Des facilités ou des obstacles dûs à des causes étrangères[,]
dérangent plus ou moins cette marche, qui
même est quelquefois interrompue ; mais elle sera constante
toutes les fois que de grands événemens n’en surmonteront
point l’impulsion. Par un effet direct de l’enchaînement
des idées, la littérature change de caractère à
mesure que nos opinions, nos sciences, nos habitudes et
nos institutions subissent aussi des changemens.
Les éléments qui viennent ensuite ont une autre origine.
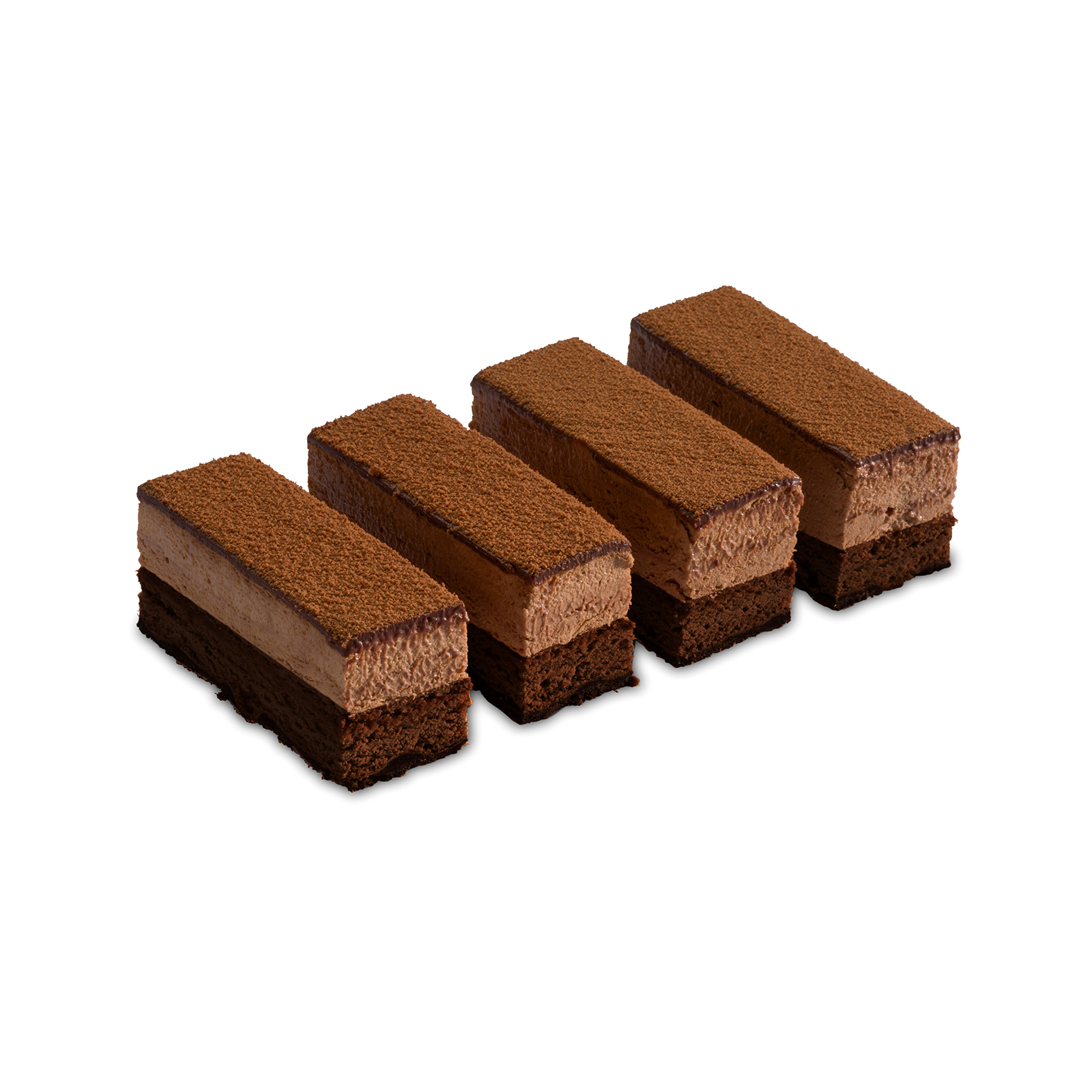 Moist brownie with dark chocolate, filled with airy chocolate mousse, glazed with ganache, and finished with cocoa velvet spray.

Ce n’est
pas seulement parce que d’autres mœurs ou d’autres lois
prescrivent, en quelque sorte, d’autres idées et donnent
aux travaux de l’esprit un autre but, mais parce que toute
l’intelligence ne formant qu’un ensemble, pour qu’une
partie quelconque en restât semblable, il faudroit que tout
y subsistât fixe et arrêté. La pensée des peuples, comme
celle des individus, est une succession toujours active.
Sans doute cette impulsion n’est pas irrésistible. Des
institutions convenables pourroient s’y opposer, et par un
même effet, elles en arrêteroient aussi les suites rétrogrades.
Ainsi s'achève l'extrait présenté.